Graduated from: Institute of computing, Chinese Emy of Sciences

Occupation: Search Engine lovers

08:54:52

 

 

1.What is EM algorithm?

The EM algorithm is a very important algorithm in machine learning, that is, the Expectation Maximization Algorithm. It mainly includes the following two steps:

Step E: estimate the expected values

M step: Re-Estimate Parameters

This algorithm is mainly used to estimate parameters. Although the EM algorithm can also perform Data Clustering and perform data fitting based on the Gaussian distribution, the iteration speed of the EM algorithm is very slow, which is much worse than that of kmeans, in addition, the clustering effect of kmeans is not much worse than that of em. Therefore, kmeans is generally used for clustering, rather than em.

2.EM algorithm Overview

The algorithm can be clearly explained in some metaphorical sayings. For example, if the master in the canteen has fired a dish and has to divide it into two portions for two people to eat, there is obviously no need to use the exact weight for weighing at on the balance, the simplest way is to randomly divide the dishes into two bowls, and then observe whether there are as many dishes as possible. Then, take out one of the more dishes and put them in another bowl, this process continues iteratively until you cannot see the differences between the two bowls. The EM algorithm is like this. If we estimate that we know the parameters A and B, both of them are unknown at the beginning, and the information of a can be obtained, if we know B, we get. You can consider first assigning an initial value to a to obtain the estimated value of B. Then, starting from the current value of B, re-estimate the value of A. This process continues until convergence.

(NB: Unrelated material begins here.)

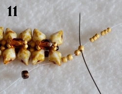 Nyní budete šít očko, do kterého pak dáte kroužky a zapínání. Na novou nit navlečte jeden stop korálek (cca 10cm od konce) nebo použijte stopper, který zabrání posouvání nitě. Prošijte horní dírkou DD, navlečte 4x RZ 11/0, 6x RZ 15/0 a prošijte v protisměru čtvrtým navlečeným RZ 11/0 (obr. 11). Nyní prošijte 2x RZ 15/0, všijte 1x RZ 15/0, prošijte 2xRZ 15/0, všijte 1x RZ 15/0 a prošijte 2x RZ 15/0 a 1x RZ 11/0. Prošijte znovu alespoň jednou pro větší zpevnění 8x RZ 15/0, 1x RZ 11/0. Navlečte 3x RZ 11/0 a prošijte horní dírkou DD (obr. 12).

The EM algorithm is a method proposed by Dempster, laind, and Rubin in 1977 to calculate the maximum likelihood of parameters. It can perform MLE estimation on parameters from an incomplete data set, it is a very simple and practical learning algorithm. This method can be widely used to process defective data, cut the end of the data, and carry noise and other so-called incomplete data (incomplete data ). Assume that the set Z = (X, Y) is composed of X and Y, and Z = (x, y) and X are called complete data and incomplete data respectively. Assume that the joint probability density of Z is parameterized and defined as p (x, y | weight), where Gini represents the parameter to be estimated. The maximum likelihood estimation of likelihood is obtained by finding the maximum value of the log likelihood function L (X; Likelihood) of incomplete data: L (likelihood; x) = log P (x | likelihood) = commit log P (x, y | lead) dy; the EM algorithm consists of two steps: Step E and step m, it maximizes the expectation of the log likelihood function LC (X; Likelihood) of incomplete data by iteratively maximizing the log likelihood function of complete data. LC (X; Likelihood) = log P (x, y | records); assume that the estimates obtained by the algorithm after the T iteration are recorded as records (t), in the (t + 1) iteration, e-step: Calculate the expectation of the log likelihood function of the complete data, as follows: Q (Cosine | likelihood (t) = E {LC (Cosine; z) | X; round (t)}; m-step: obtain the new round by maximizing Q (Limit | limit (t.

By using these two steps alternately, the EM algorithm gradually improves the model parameters, increases the likelihood of parameters and training samples, and ends at a very large point. You can intuitively understand the EM algorithm. It can also be seen as a successive approximation algorithm: you do not know the parameters of the model in advance, you can randomly select a set of parameters or roughly specify an initial parameter λ 0 in advance to determine the most likely state of the parameter set and calculate the probability of the possible results of each training sample, in the current state, the sample modifies the parameters, re-estimates the λ parameter, and re-determines the model state under the new parameter. In this way, through multiple iterations, until a certain convergence condition is met, the model parameters can gradually approach real parameters.

The main purpose of the EM algorithm is to provide a simple iterative algorithm to calculate the posterior density function. Its biggest advantage is its simplicity and stability, but it is easy to fall into the local optimum.

3.Disadvantages of the EM Algorithm

The EM algorithm is slow in iteration and has many times.

The EM algorithm is slow in processing high data volumes and is not accurate enough to estimate the covariance.

(In other words, the EM algorithm is mainly used for parameter estimation, and the covariance only exists in the EM algorithm based on the mixed Gaussian distribution)

4.The following is the EM code I implemented using Matlab.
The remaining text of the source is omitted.